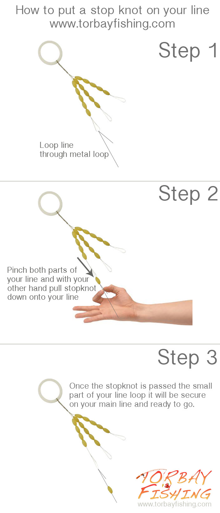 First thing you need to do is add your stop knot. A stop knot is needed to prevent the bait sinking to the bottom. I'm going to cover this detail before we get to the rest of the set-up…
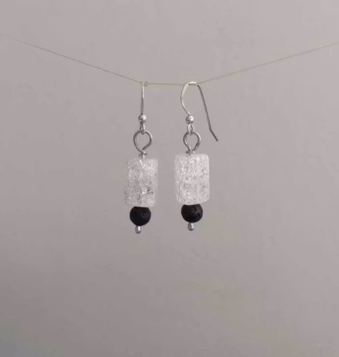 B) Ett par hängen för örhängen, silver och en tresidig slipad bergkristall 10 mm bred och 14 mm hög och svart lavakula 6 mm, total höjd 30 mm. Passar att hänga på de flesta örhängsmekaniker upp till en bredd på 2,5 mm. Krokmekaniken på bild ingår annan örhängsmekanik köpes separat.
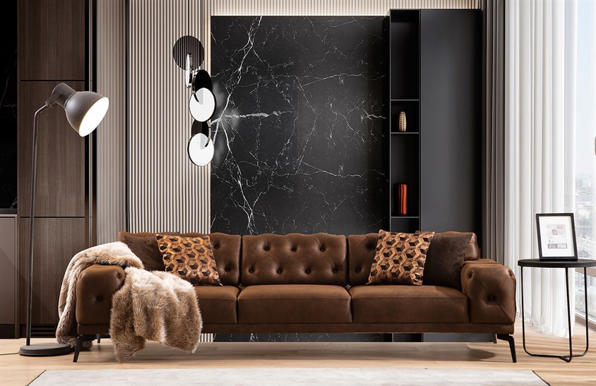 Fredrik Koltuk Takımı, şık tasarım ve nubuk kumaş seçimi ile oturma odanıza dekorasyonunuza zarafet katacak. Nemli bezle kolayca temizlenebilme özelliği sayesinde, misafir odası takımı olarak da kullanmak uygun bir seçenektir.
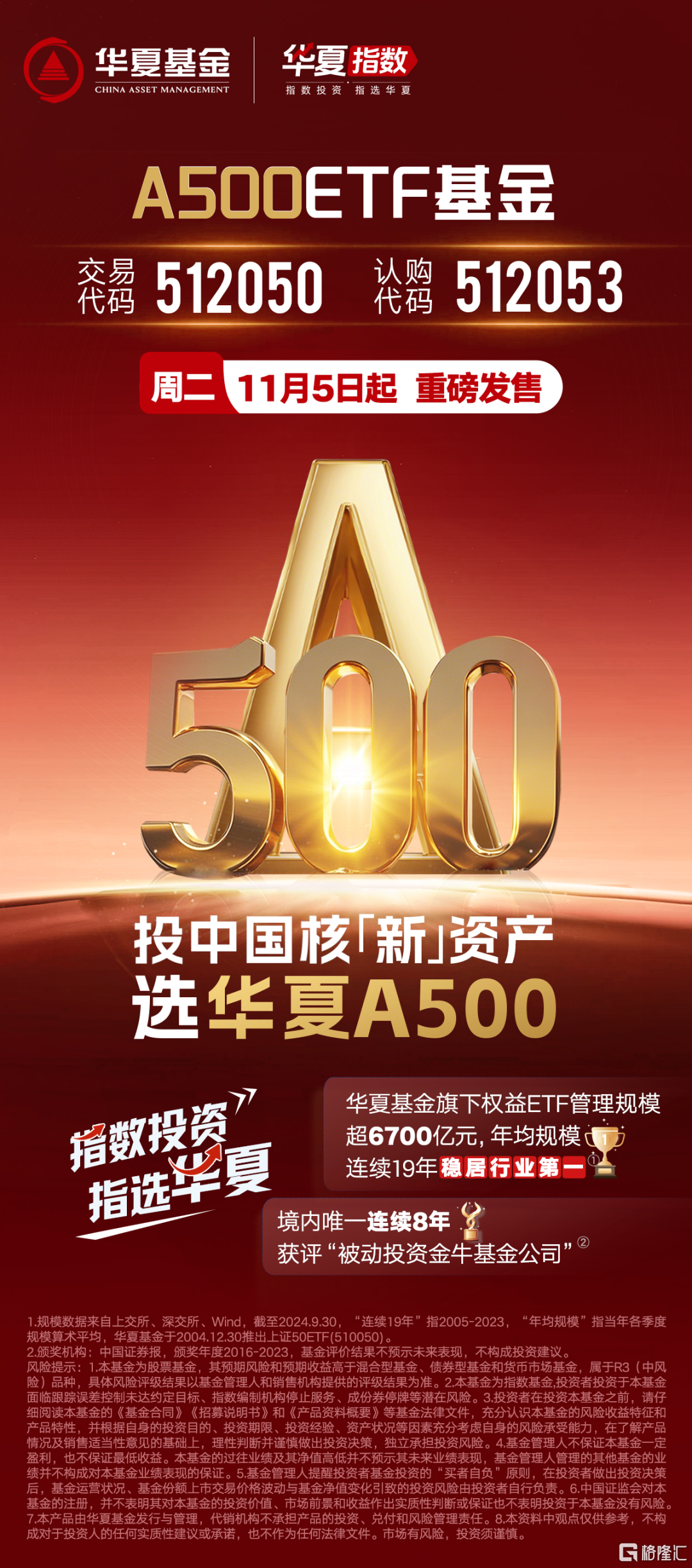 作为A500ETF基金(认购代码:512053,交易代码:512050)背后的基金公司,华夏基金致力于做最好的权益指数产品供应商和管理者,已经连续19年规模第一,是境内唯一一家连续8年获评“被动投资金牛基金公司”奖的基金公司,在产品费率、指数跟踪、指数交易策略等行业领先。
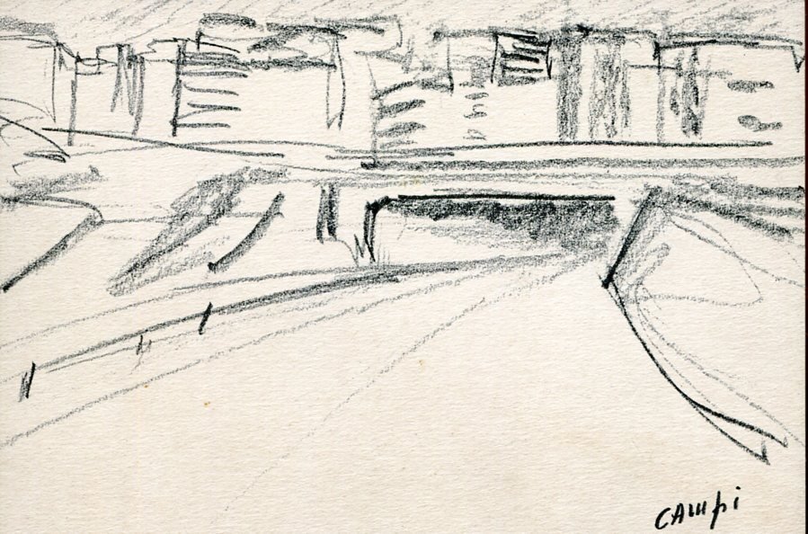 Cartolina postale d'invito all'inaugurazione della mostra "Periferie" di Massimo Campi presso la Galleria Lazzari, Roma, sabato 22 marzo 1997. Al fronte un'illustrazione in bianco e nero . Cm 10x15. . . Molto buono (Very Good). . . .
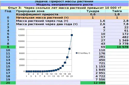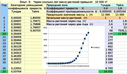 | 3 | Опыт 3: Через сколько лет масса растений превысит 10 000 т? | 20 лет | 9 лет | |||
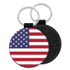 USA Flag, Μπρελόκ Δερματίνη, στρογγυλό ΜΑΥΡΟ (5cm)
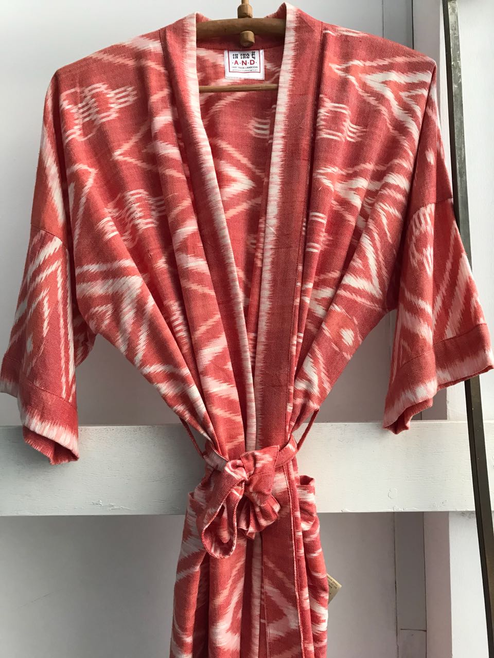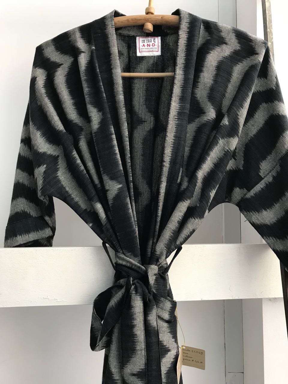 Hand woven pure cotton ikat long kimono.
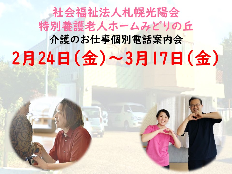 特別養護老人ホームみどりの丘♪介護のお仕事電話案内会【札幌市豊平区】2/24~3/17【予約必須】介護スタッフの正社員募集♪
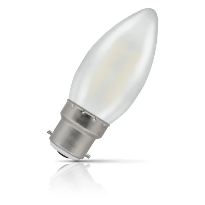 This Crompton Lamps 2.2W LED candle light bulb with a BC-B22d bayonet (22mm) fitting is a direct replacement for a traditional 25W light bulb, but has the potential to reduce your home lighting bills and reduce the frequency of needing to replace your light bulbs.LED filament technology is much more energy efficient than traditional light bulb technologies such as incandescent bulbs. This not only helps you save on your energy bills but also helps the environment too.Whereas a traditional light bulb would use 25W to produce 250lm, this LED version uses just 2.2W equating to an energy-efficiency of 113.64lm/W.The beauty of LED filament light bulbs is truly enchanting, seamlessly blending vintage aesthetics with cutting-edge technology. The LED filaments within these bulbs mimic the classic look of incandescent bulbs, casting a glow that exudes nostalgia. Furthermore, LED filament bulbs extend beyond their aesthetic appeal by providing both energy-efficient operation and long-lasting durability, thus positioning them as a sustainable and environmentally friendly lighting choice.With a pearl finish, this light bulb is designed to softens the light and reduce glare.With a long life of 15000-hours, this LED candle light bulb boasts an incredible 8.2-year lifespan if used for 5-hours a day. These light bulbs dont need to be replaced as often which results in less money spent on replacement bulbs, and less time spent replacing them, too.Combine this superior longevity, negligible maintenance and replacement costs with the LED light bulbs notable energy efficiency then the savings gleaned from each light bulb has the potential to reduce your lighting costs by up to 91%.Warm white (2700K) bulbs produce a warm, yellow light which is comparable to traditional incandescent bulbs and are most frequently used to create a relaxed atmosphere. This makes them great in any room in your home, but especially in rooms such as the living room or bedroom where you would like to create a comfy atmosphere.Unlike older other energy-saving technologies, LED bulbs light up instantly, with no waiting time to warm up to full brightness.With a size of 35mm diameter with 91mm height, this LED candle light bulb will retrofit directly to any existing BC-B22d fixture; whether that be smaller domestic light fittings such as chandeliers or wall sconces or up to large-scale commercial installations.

...

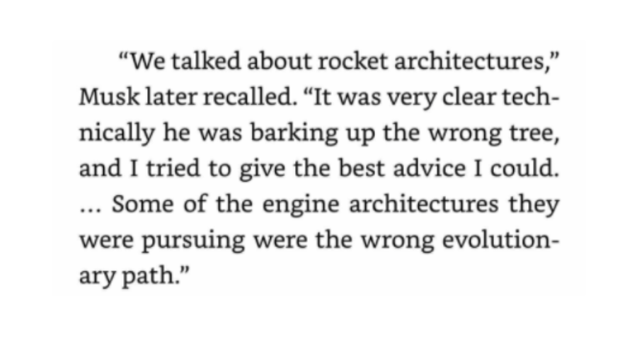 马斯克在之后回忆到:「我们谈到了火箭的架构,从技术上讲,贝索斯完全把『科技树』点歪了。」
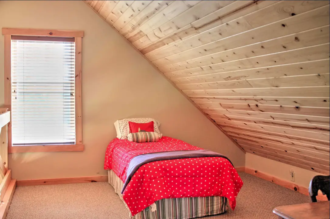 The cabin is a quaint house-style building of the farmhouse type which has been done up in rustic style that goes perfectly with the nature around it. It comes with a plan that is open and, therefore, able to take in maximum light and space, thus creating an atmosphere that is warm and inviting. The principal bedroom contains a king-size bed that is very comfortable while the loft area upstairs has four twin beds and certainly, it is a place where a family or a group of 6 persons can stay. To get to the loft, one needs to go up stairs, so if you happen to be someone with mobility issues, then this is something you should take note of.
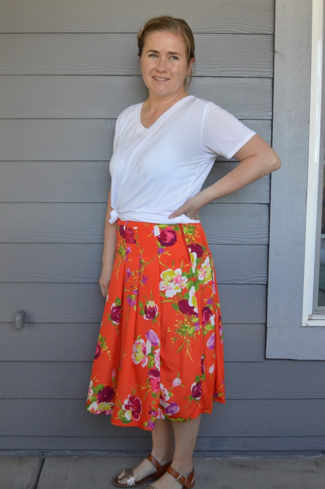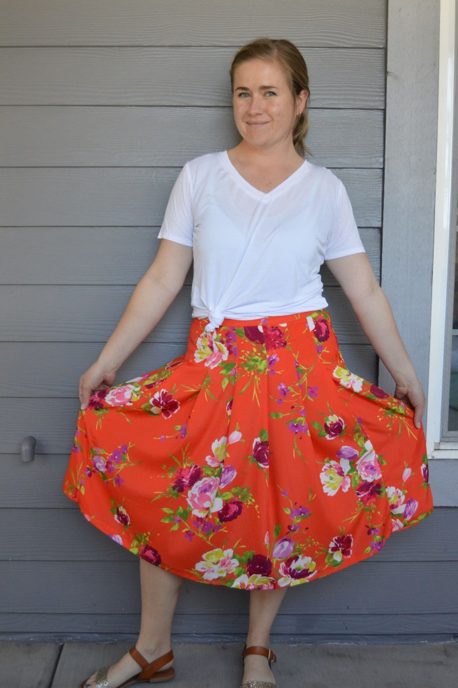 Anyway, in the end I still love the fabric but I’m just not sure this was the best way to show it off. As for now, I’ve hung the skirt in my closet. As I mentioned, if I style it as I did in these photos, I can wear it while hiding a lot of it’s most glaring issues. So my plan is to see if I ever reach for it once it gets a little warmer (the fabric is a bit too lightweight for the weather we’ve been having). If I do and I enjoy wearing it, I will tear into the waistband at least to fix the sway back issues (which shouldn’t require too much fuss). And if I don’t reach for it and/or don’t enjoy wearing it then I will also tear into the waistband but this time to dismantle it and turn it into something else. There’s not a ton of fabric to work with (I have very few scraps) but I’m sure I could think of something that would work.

▶ _Activity_: Set down word for word the lines above from the one with "Hand woven pure cotton ikat long kimono." up to and including the one with "特別養護老人ホームみどりの丘". Omit every picture.

▶ _Exercise answer_:
 Hand woven pure cotton ikat long kimono.
 特別養護老人ホームみどりの丘♪介護のお仕事電話案内会【札幌市豊平区】2/24~3/17【予約必須】介護スタッフの正社員募集♪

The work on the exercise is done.